Since Nov. 1, 2018, private sector organizations hit with a breach have strict reporting requirements. If there is risk of significant harm to those whose data is compromised — the ROSH test — all individuals affected and the office of the privacy commissioner need to be notified. But also within 2015 amendments to PIPEDA, says Ahmad, is a requirement to track any cyber-incident or breach that has occurred within their organization, even if the incident doesn’t meet the ROSH threshold. This can even include an employee who lost a laptop with encrypted data but found it soon after, says Ahmad.

“But you need to now, in a ledger, keep a record of that incident for a period of two years. And the regulator can literally knock on your door and say, ‘Can I see your register, please?’ And you have to basically present it to them; it’s a real compliance requirement and potentially there are fines for non-compliance if you don’t,” he says.

In his practice, Ahmad is now seeing more proactivity by data-holding organizations. While organizations traditionally focused on cyber-incident response, in the past 18 months, he’s seen time and money spent on designing a comprehensive pre-breach plan. A data inventory is key, he says, because knowledge of where the data is kept, how it is kept and what kind of data is kept will be essential when the breach occurs.

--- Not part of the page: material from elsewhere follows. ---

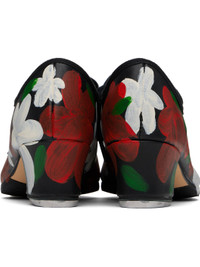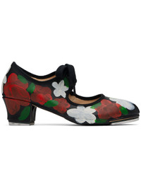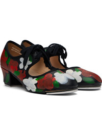 Buffed leather Mary Jane-style tap dance shoes in black. · Hand-painted floral pattern throughout · Lace-up strap at vamp · Logo stamp at padded footbed · Buffed leather lining · Covered block heel · Leather and textured rubber sole · T Pro Tap Tap #3 metal plaques at sole · Heel: H2" Supplier color: Black Upper: leather. Sole: leather, rubber, metal. Made in China 251245F121001

A pre-breach plan includes vendor management and proper vetting of any other third party with which an organization shares data because, if the breach occurs with them, according to Canadian and other privacy laws around the world, the organization is on the hook. Ahmad’s clients are revising contracts to include clauses to require third parties to notify the organization within 24 hours, to co-operate with them in the investigation and agree on an indemnification if a breach occurs. The function provided by breach coaches — lawyers who guide organizations through data breaches when they occur — are beginning to be handled before the problem and this makes the problem less serious when it happens, he says.

It also ensures that “that response is much more effective because we’ve invested time on the front end and significantly reduced our costs,” he says.

The less data an organization stores, the less serious is a security breach, says Susan Wortzman, a partner at McCarthy Tétrault LLP in Toronto. She founded Wortzmans, a law firm specializing in the management of digital information, which is now called MT>3. It was acquired by McCarthy Tétrault in 2016. Wortzman is now the firm’s go-to on e-discovery and information management.

Wortzman says a key to protecting against data breaches is the same advice she used to give clients who were hiring her to handle their e-discovery and wanted to reduce their costs — better data governance and stop hoarding.

“Stop keeping everything forever,” she says. “Everybody thinks they need to keep all this information forever. All it’s really doing is creating this huge risk.

“Most of our clients are sitting on . . . between 15 and 30 copies of every email [and] every document. . . . If you just did better data governance and you got rid of all of that, you can be getting rid of 70 per cent of your data,” she says. “[Clients say,] ‘This was so important. I worked on this transaction — it was two years of my life. There’s no way I’m getting rid of all these records relating to this deal.’ And 10 years later, they’ve still got some PST file stashed away with all this data that they’re never going to look at again. . . . It’s definitely the hoarder mentality.”